Overall, I thought the talk was ok, but not great. Hofstadter is an entertaining speaker, but I thought his argument was weak. He argued that things acquire their value by making comparisons against other things. To back this up, he provided lots of anecdotal evidence where his mind made comparisons. His conclusions didn't follow from his premises.
2006-08-24
- Software inprications of multi core architectures
- siddhartha <didn't get last name, from IBM>
- death of moore's law?

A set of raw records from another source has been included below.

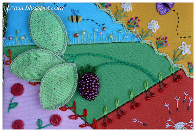 У лета, впрочем, как и у других пор года, есть свои особенности. Теплая речка, море, свежайшая зелень, поспевают ароматные фрукты и ягоды, расцветают поляны цветов, солнышко согревает своими лучиками… Вот такое полноценное лето вышивала я в совместнике с Зиной. Это была чудесная квилтовая авантюра. Каждый кусочек квилта рассказывает о каком-то периоде лета. Можно долго рассматривать работу и мечтать о чем-то приятном.
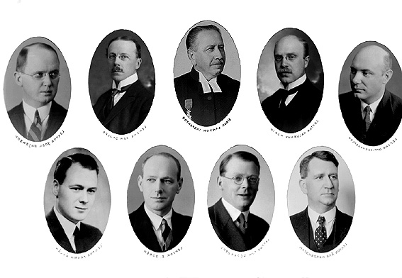 Seminaristernas Kamratalbum. År 1937. Lektor Ottimar Haneklou. Lektor Valdemar Molin. Bror Larson. Inspektor. Lektor Per Stolpe. Lektor Joel Fajersson. Lektor Åke Nordenstam. Lektor Tom Söderberg. Lektor E. Borén. Lektor Henrik Åhlén.
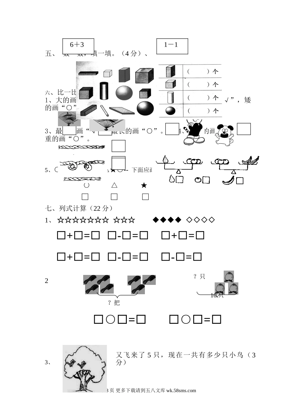 2016年一年级数学上册期未试题10套.doc_第3页

Due to small size of transistors, consumes more and more power without doing work.
- languages to look up.
- chapel
- fortress
- extent
- toronto - sh language. stream language. Is that what I'm looking for?
- he thinks that new programing paradigms wont appear, that we wont be able to move to functional programming
- if the concepts are proven, I disagree.
- ways to do parallelization
- SPMD
- better locking mechainisms
- relase consistency ??
- lazy release consistency ??
- transactional consistency ??
- toroto -
big idea: you can do algo analysis on parallel programs.